Polymer Partitioning Approach for Petroleum Hydrocarbon Reduction in a Clay Soil

Abstract

Soil contamination by crude oil is a major environmental and health hazard. Extraction of the total petroleum hydrocarbons (TPH) sorbed to the clay soil (kaolin) was carried out using synthetic sorbent (Desmopan®) and 2-propanol as a mobilizing agent. The crude oil-loaded polymer beads were bioregenerated in a solid–liquid two-phase partitioning bioreactor (TPPB). A central composite design under response surface methodology was employed for the experimental design and analysis of the results. The independent variables were extraction phase to soil ratio, mobilizing agent to soil ratio, and initial concentration of crude oil in polluted soil.
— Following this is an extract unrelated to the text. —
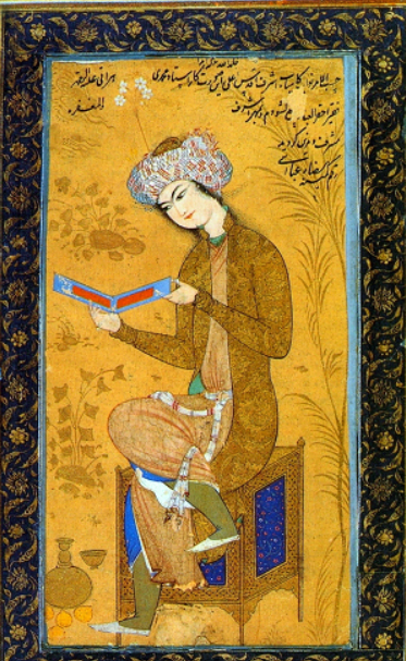 《阅读的青年》由礼萨·阿巴斯所作。礼萨·阿巴斯是萨法维王朝后期伊斯法罕学派的重要波斯细密画艺术家,被认为是波斯细密画的最后一位大师,其创作的以年轻人为主要主题的壁画或单幅画尤为著名。

The influences of three independent variables on the TPH reduction efficiency were determined using a statistically significant quadratic model (R 2 = 0.9673). Remediation was more efficient when the mobilizing agent to the soil ratio was equal to 3.00 ml g−1, compared to the higher (4.00 ml g−1) and lower (2.00 ml g−1) levels. The results exhibited that the interaction between the extraction phase ratio and the initial concentration of crude oil in kaolin had significantly influenced the TPH removal. The bioregeneration studies showed a significant reduction (72.07 ± 0.63 %) of low-molecular-weight (two- to three-ring) polycyclic aromatic hydrocarbons and n-alkanes (97.75 ± 0.26 %) present in the crude oil-loaded solid polymers within a 10-day experiment. These findings show that solid polymer extraction followed by bioregeneration of sorbents in a TPPB is applicable to treat crude oil-contaminated kaolin.